Question

Remove character from Fasta IDs -- python

0

Entering edit mode

5.6 years ago

Amaranta_Remedios • 0

Hi,

Sorry if this questions seems obvious, I am pretty new at python. So I need some help to complete this code. I have a fasta file that looks like this:

>gene_name1|other
AAAAAAAATTTTTA
>gene_name2|other
TTTTTGGGGGAAA
>|gene_name3
TTTTTTTCCCCCCC
>|gene_name4
AAAAAATTTTTTTCC
....

Ideally I want to remove | whenever it appears at the beginning of the ID, not anywhere else. So I wrote a python code that does that, but I cannot get the output I want into a file. I can however get the output and copy/paste and arrange it myself. But I would like to find a solution on python.

My code so far:

from Bio import SeqIO
original_file = "sequences.fasta"
corrected_file = "./corrected.fasta"

with open(original_file) as original, open(corrected_file, 'w') as corrected:
records = SeqIO.parse(original_file, 'fasta')

for record in records:
if record.id[0]) == "|":
    print (">",record.id[1:], "\n",
           record.seq)
else:
    print(">",record.id, "\n", record.seq)

result:

>gene_name1|other
AAAAAAAATTTTTA
>gene_name2|other
TTTTTGGGGGAAA
>gene_name3
TTTTTTTCCCCCCC
>gene_name4
AAAAAATTTTTTTCC

Can anyone help me to correct the code and print the output onto a fasta file. Thanks !

python • 2.5k views

ADD COMMENT • link updated 5.6 years ago by Corentin ▴ 620 • written 5.6 years ago by Amaranta_Remedios • 0

2

Entering edit mode

or not using python : sed 's/^>|/>/' input.fa

ADD REPLY • link 5.6 years ago by Pierre Lindenbaum 166k

0

Entering edit mode

Love it! But I am trying to learn python. Still super appreciated.

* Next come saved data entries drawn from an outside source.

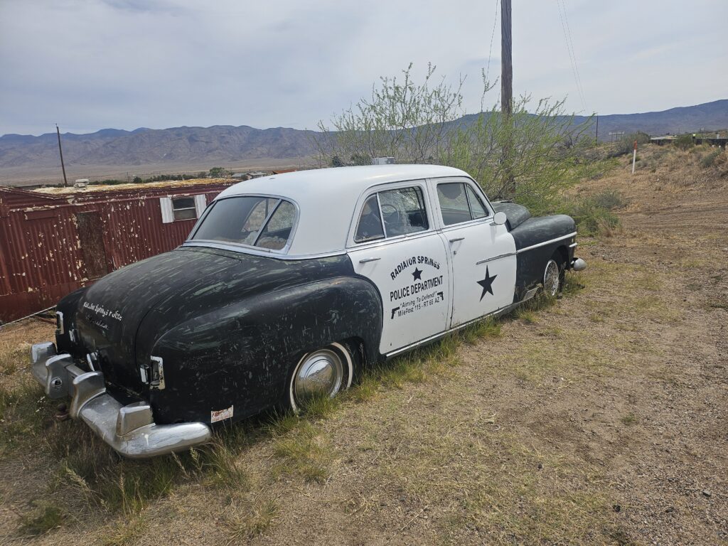 It hadn’t been difficult, but we had been going uphill for 8 miles and decided to take advantage of a gas station 16 miles in before the next available facilities 20 miles away. The first attraction that caught our eye was in Antares. Understand that most of the “towns” named along today”s stretch of Route 66 have no central marking that distinguishes them as a town. Antares had the remains of a gas station. I’m blocking the view of their “Easter Island” statue, Giganticus Headicus. Just pretend my head is his. I liked the old Police car. [By the way, you can click on thee pictures to get a better view]
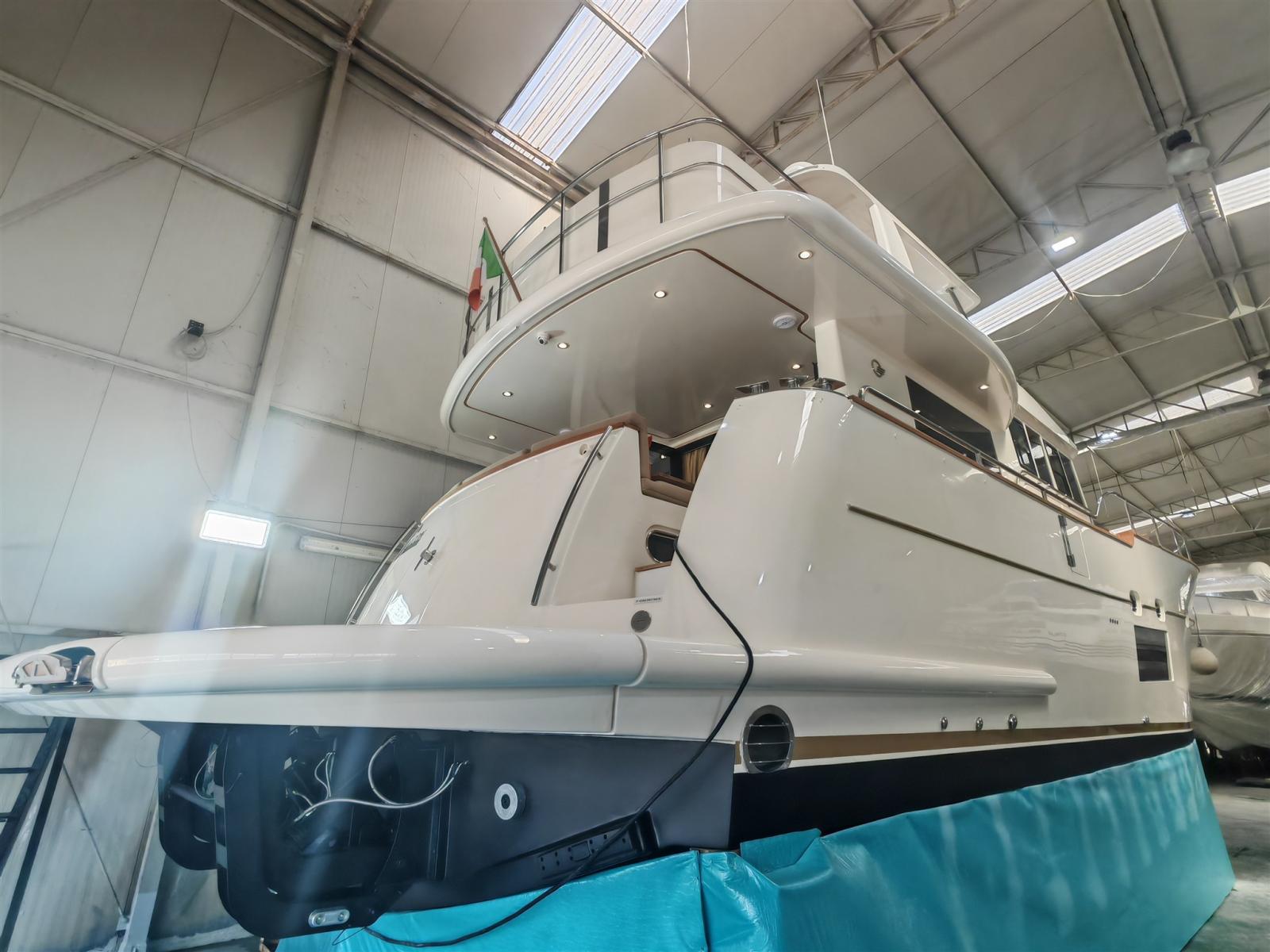 Alarme moteur, Alarme de pompe de cale, Eau sous pression, 4 Batteries (agosto 2023), Passavant en teck, Douche de cockpit, Double barre à roue, Phare de poursuite, Flaps hydrauliques, Extincteur(s) fixe(s), Indicateurs de flaps, Éclairage de courtoisie, Passerelle, Plateforme arrière (in teak abbatibile), Porte latérale (con apertura totale), Porte latérale, Cockpit en teck, Prise de quai, Onduleur, Guindeau électrique, Echelle de bain, table de cockpit, Corne, T-Top (in vtr sul fly), 2 Winch électrique.
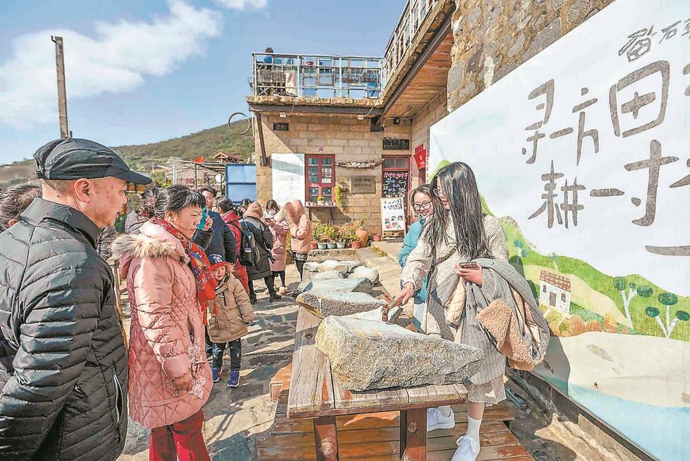 游客在平潭“石头会唱歌”文创工坊前,敲击“会唱歌的石头” 江信恒 摄

ADD REPLY • link 5.6 years ago by Amaranta_Remedios • 0

1

Entering edit mode

Check how to write to file in python https://www.guru99.com/reading-and-writing-files-in-python.html

ADD REPLY • link 5.6 years ago by JC 13k

0

Entering edit mode

You can use a list to collect all the corrected lines first, then write them into a file.

ADD REPLY • link 5.6 years ago by shoujun.gu ▴ 350

0

Entering edit mode

No need to store the reads, that's only going to use memory

ADD REPLY • link 5.6 years ago by WouterDeCoster 48k

score 1 · Answer 1 · 2019-11-06

1

Entering edit mode

5.6 years ago

Eric Lim ★ 2.2k

Since you're already using SeqIO to process incoming fasta, the easiest and quickest way is to reuse record and replace print with SeqIO.write. Everything else is the same.

for record in records:
  if record.id.startswith('|'):
    record.id = record.id[1:]
    record.description = ''
  SeqIO.write(record, corrected, 'fasta')

You should still follow the link that @JC posted to learn about general reading/writing in Python outside of the biopython's ecosystem.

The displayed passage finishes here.